I smiled at her as I placed my hand over hers and shook my head. "I'm okay, Mom. Just... wishing Dad was here to see this." I whispered. That wasn't a total lie. I wished more than anything for our Dad to be here tonight to see Patrick and Ashton play. I could imagine him cheering as they skated onto the ice for the first time and being so proud of his boys.
My Mom gave me a watery smile as tears appeared in her eyes and she nodded in agreement. "Me too, baby." She kissed my head then wrapped her arm around me and pulled me inside.
When we walked over to where Ashton's parents were standing, they smiled at me widely and if Ashton hadn't told me their real feelings toward me, I would've thought they were genuinely happy to see me. "Oh my, little Sophia, look how much you've grown!" His Mom, Claire, exclaimed in awe as she eyed me from head to toe.
"You've gotten so beautiful, Sophia." Ashton's Dad, David, smiled down at me proudly, and then both pulled me in for a quick hug.
"It's so nice to see you, Mr. and Mrs.
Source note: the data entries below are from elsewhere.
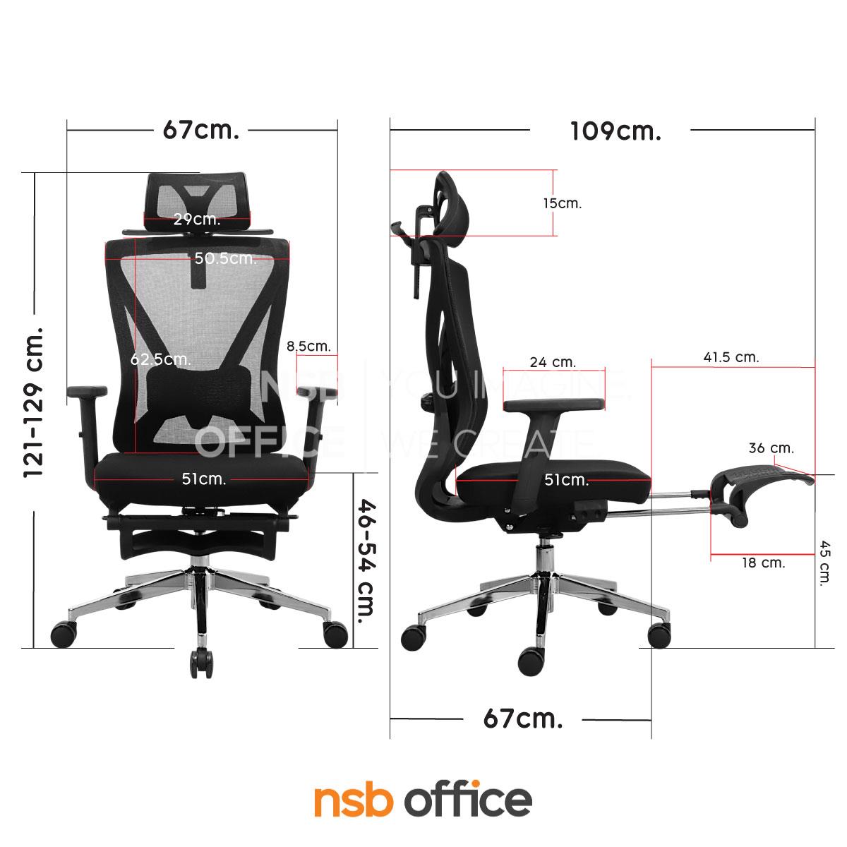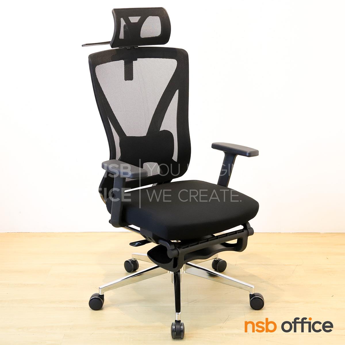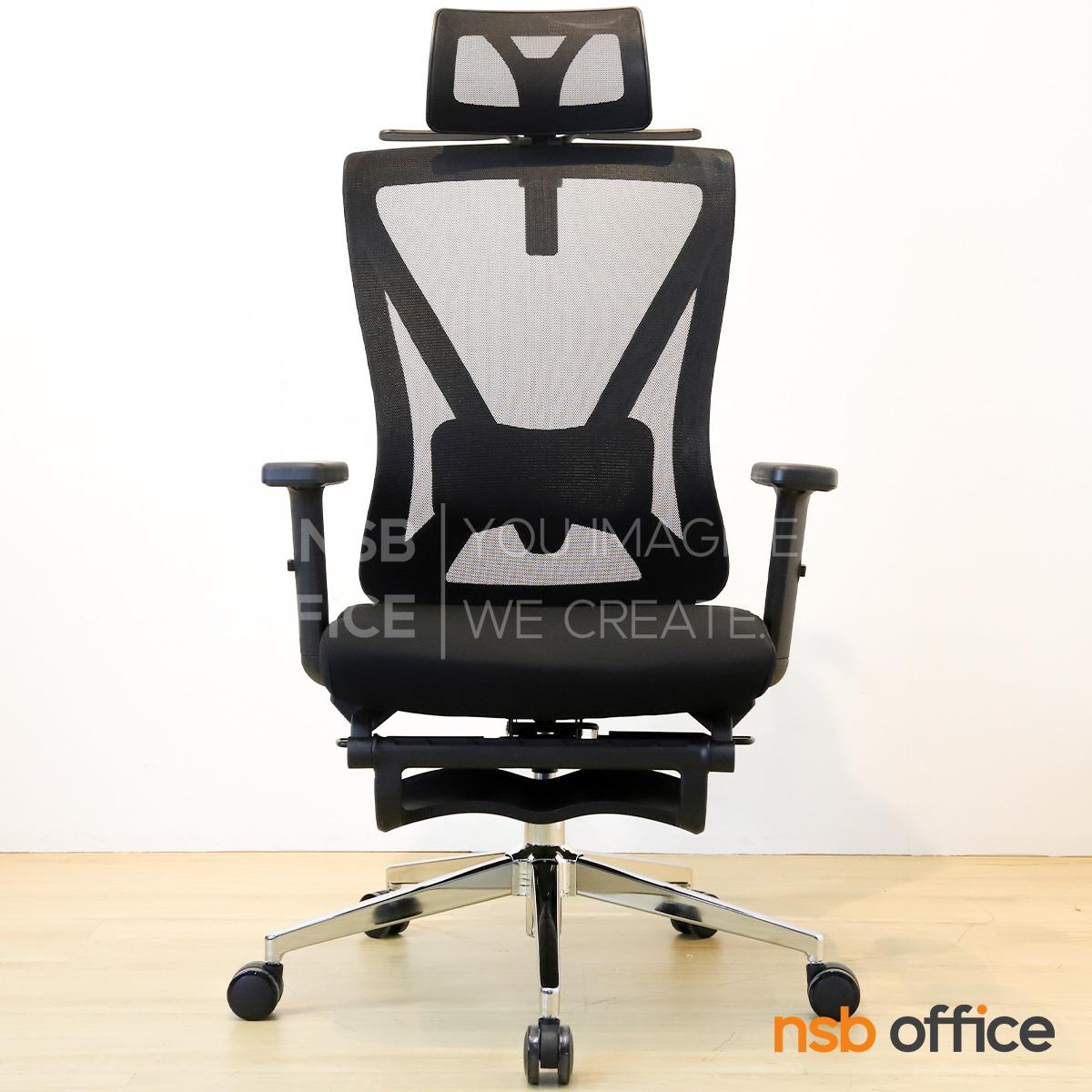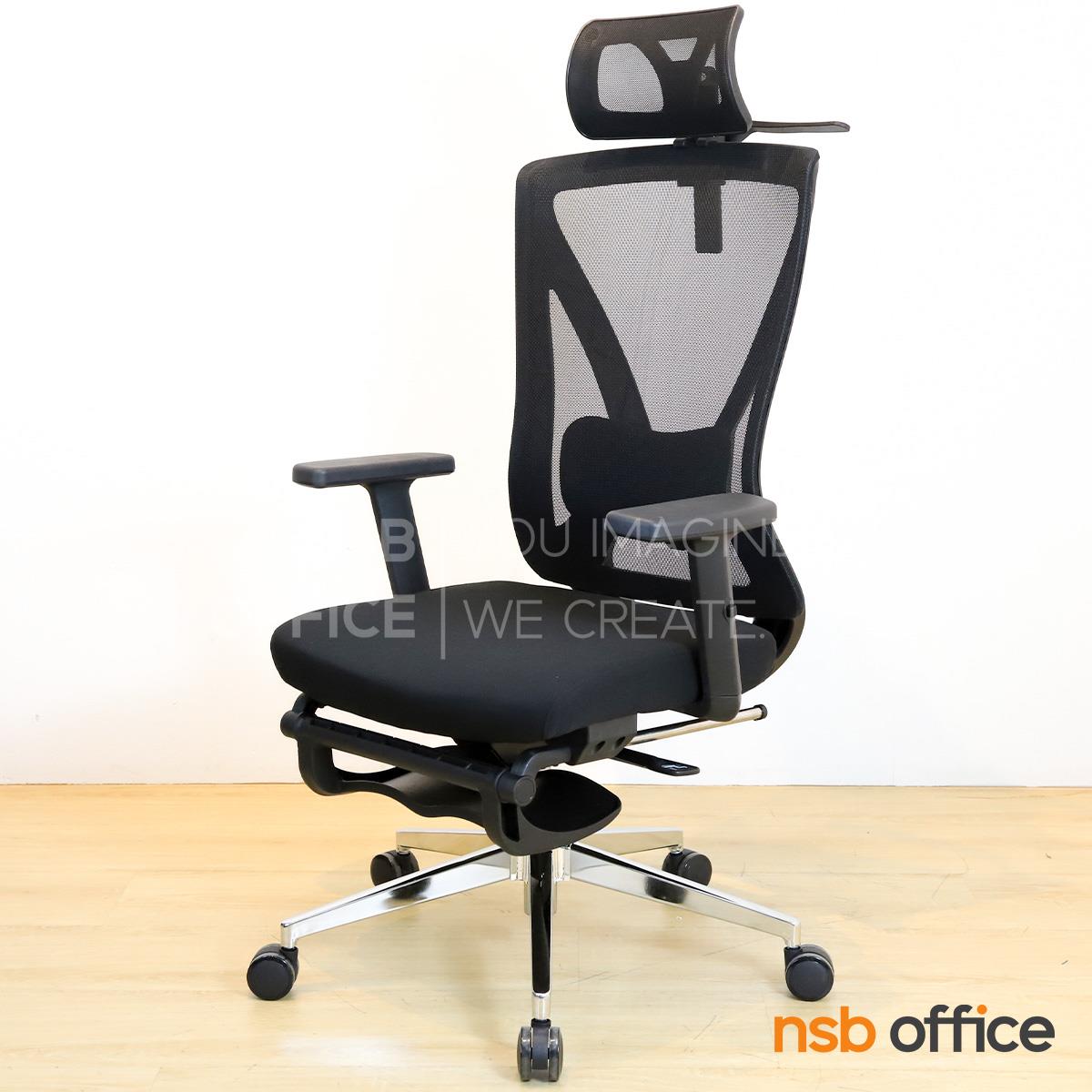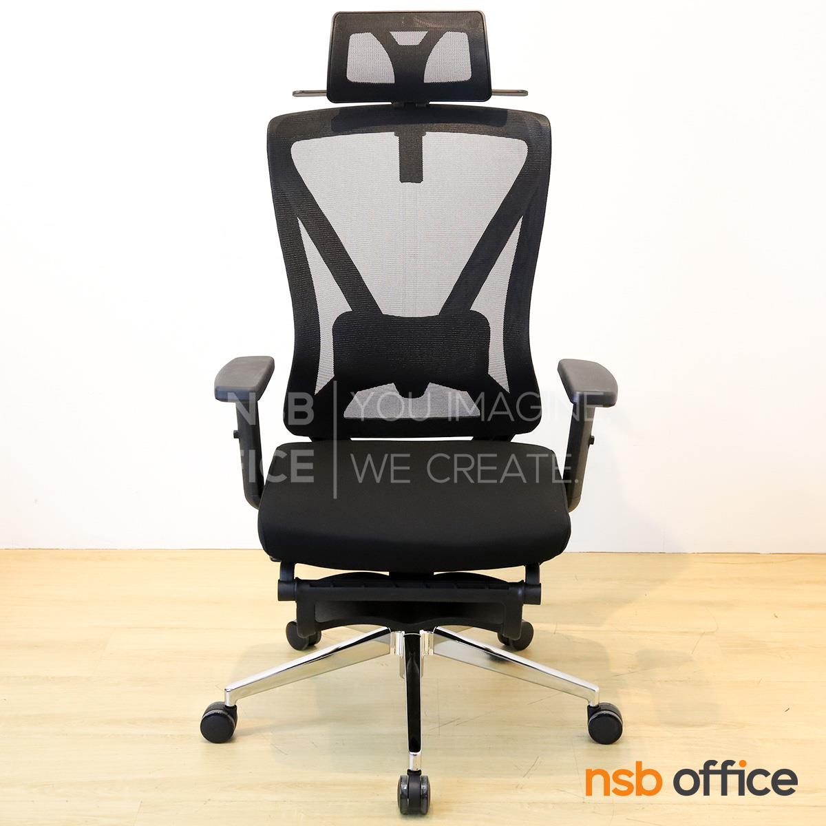 : เก้าอี้ผู้บริหารหลังเน็ต มีที่วางพักเท้า รุ่น Nyros (ไนรอส) โช้คแก๊ส ก้อนโยก ขาเหล็กชุบโครเมียม
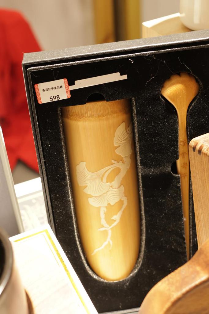 5日、嘉定区で制作された竹彫り茶器。500年以上の歴史を持つ嘉定竹彫は国家級無形文化遺産に登録されている。(上海=新華社記者/藍建中)
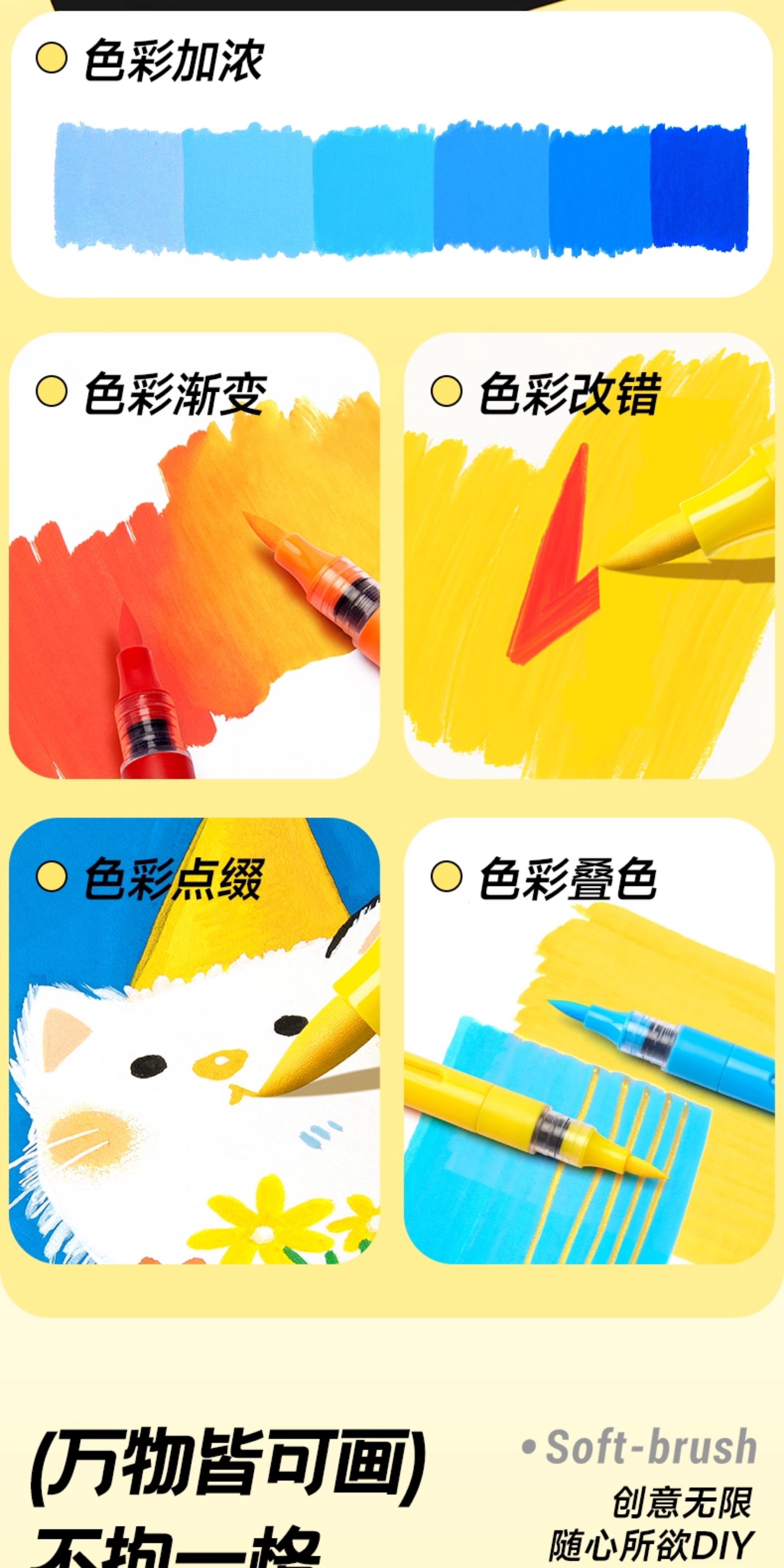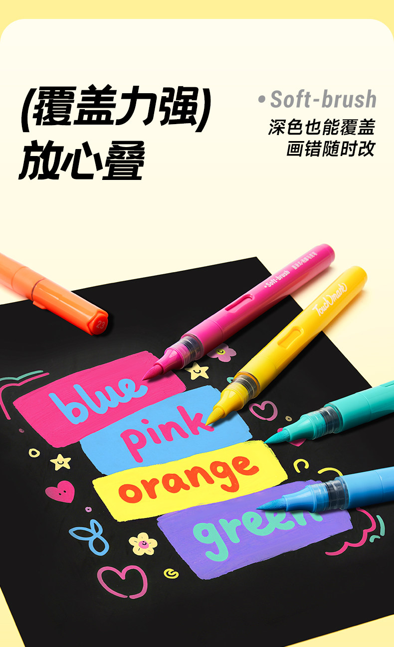 Taichi Touchmark Xingyue Soft Tip Liquid Acrylic Marker Pen for Elementary Students, 120 Colors Art Watercolor Pen, Washable Color Pen for Children, Anime Hand-Drawn Color Pen for Middle School Students
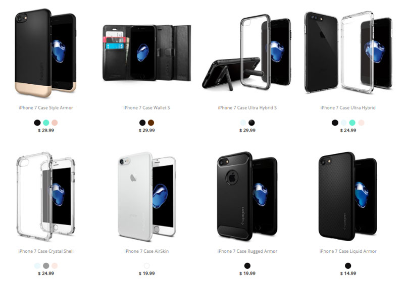 Spigen - แบรนด์ยอดนิยมของคนไทย ได้โชว์สินค้าบนเว็บไซต์ก่อนวันที่ iPhone เปิดตัวเสียอีก มีเคสหลากหลายแบบทั้งเคส TPU , เคสหนัง , เคสกันกระแทก ฯลฯ
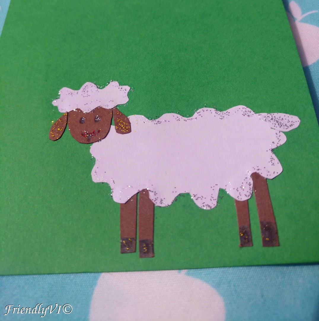 Here are two ideas I came up with for Easter cards. I know that the lamb is traditional for Easter, but mainly as a dish. However, it has religious connotations, too. I just find lambs super cute. So cute that I had to use my new glitter stick on it, too.
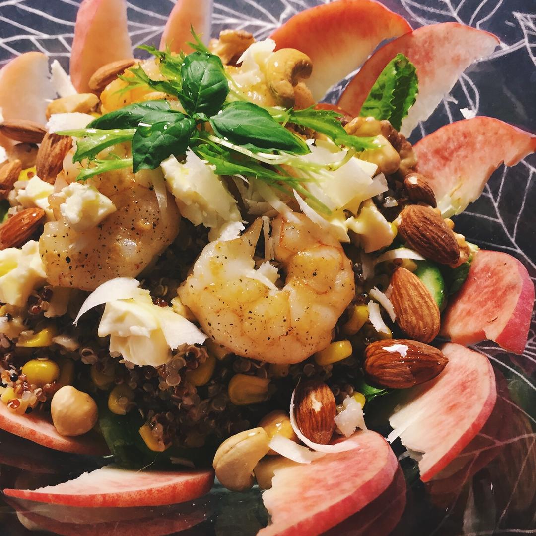长耳朵猫 做过 藜麦减脂沙拉【混搭终结篇】 罗马生菜+意大利生菜+乳黄瓜打底中间是鸡汤煮的藜麦和玉米粒水果配了半个新上市的水蜜桃切片toppin是阿根廷红虾和一把坚果,再制三角奶酪+帕玛森干酪丝点缀,橄榄油醋汁调味,棒极了! #午餐•2017年7月20日##接力自制幸福感##给你力量的食物# 2017-07-20

Maverick." I greeted them and gave them the best fake smile I could muster up.
"It's been way too long since we've seen you and your wonderful Mother and brother, I was just telling your Mother here how proud we are of both Ashton and Patrick for finally playing for the Blackhawks." She grinned like she had a hand in helping Ashton and Patrick make it where they are today and I wanted nothing more in the world than to wipe that smile off her face.
"Yes, we're all so proud." I agreed with a tight-lipped smile and thankfully, before I could say anything else, the siren went off signaling that warm-ups were about to start.
"It's so nice of you to wear a jersey for Ashton tonight, but may I ask why you aren't wearing one for your brother?" Claire asked with a raised eyebrow and I could tell that she was thinking that something was going on between me and Ashton when she saw me wearing his jersey.
"I wanted to show support for Ashton since we had no idea that you guys were going to come tonight, so let's go out there and watch our boys win." I said with a fake smile and quickly walked toward Katie and Christina who were staring at me worriedly.
"How did it go?" Katie asked and I shrugged.
"I just hope I don't have to speak to them the rest of the night because I don't know if I can pretend like everything's fine when I know they secretly hate me." I groaned and looked down at the ice just in time to see a player skate on the ice.